* **RECORDED DATA**
- - - - -

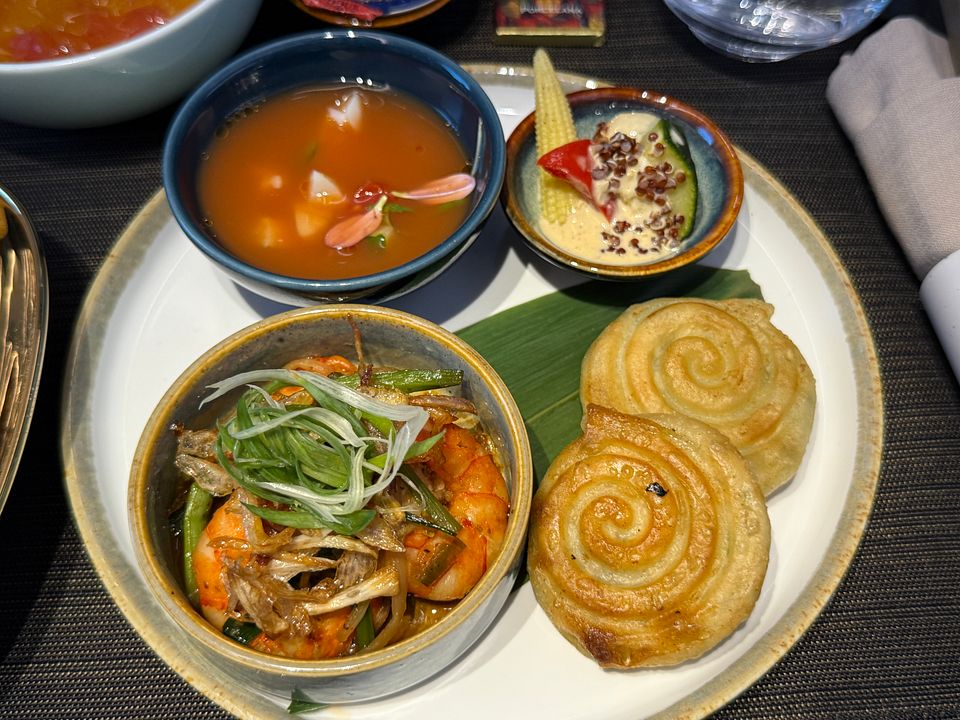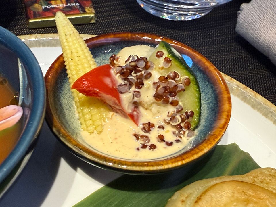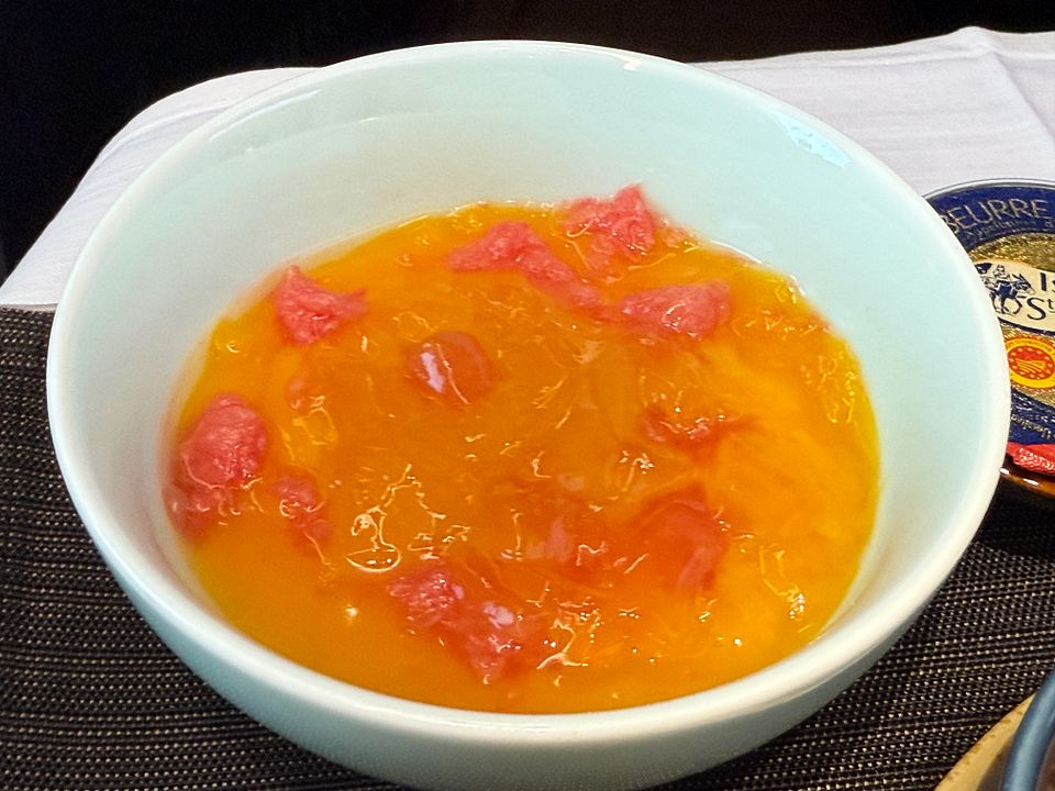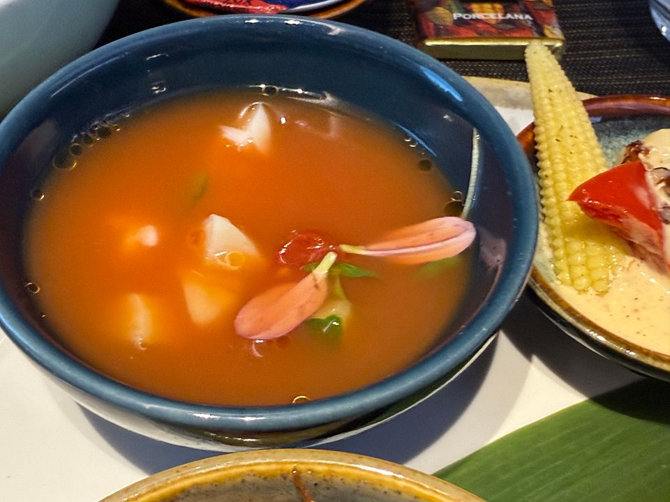 Seared Scallop, Tomato Lemongrass Gazpacho, Thai Basil, Shrimp Oil
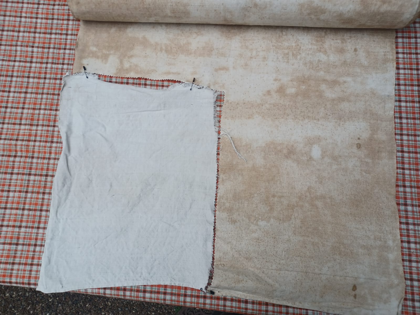 Auf den letzten Bildern kann man erkennen, dass sich Gilb- und Liegeflecken vollständig beseitigen lassen. Dazu wird das Leinen wie schon zu Großmutters Zeiten einfach nur in der Sonne gebleicht.
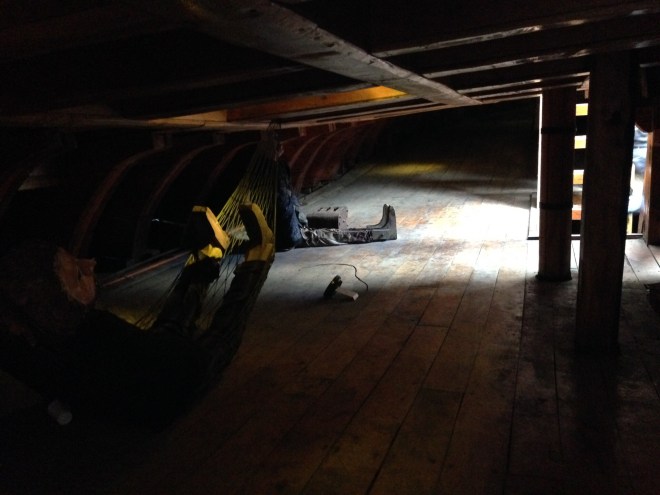 Another photo of the same room showing the “toilets” at the front of the room where they had to relieve themselves in front of everyone.

- - - - -

When a picture appears in the material, please pass over it while retyping the rest exactly.

* **ANSWER SPACE**
 Seared Scallop, Tomato Lemongrass Gazpacho, Thai Basil, Shrimp Oil
 Auf den letzten Bildern kann man erkennen, dass sich Gilb- und Liegeflecken vollständig beseitigen lassen. Dazu wird das Leinen wie schon zu Großmutters Zeiten einfach nur in der Sonne gebleicht.
 Another photo of the same room showing the “toilets” at the front of the room where they had to relieve themselves in front of everyone.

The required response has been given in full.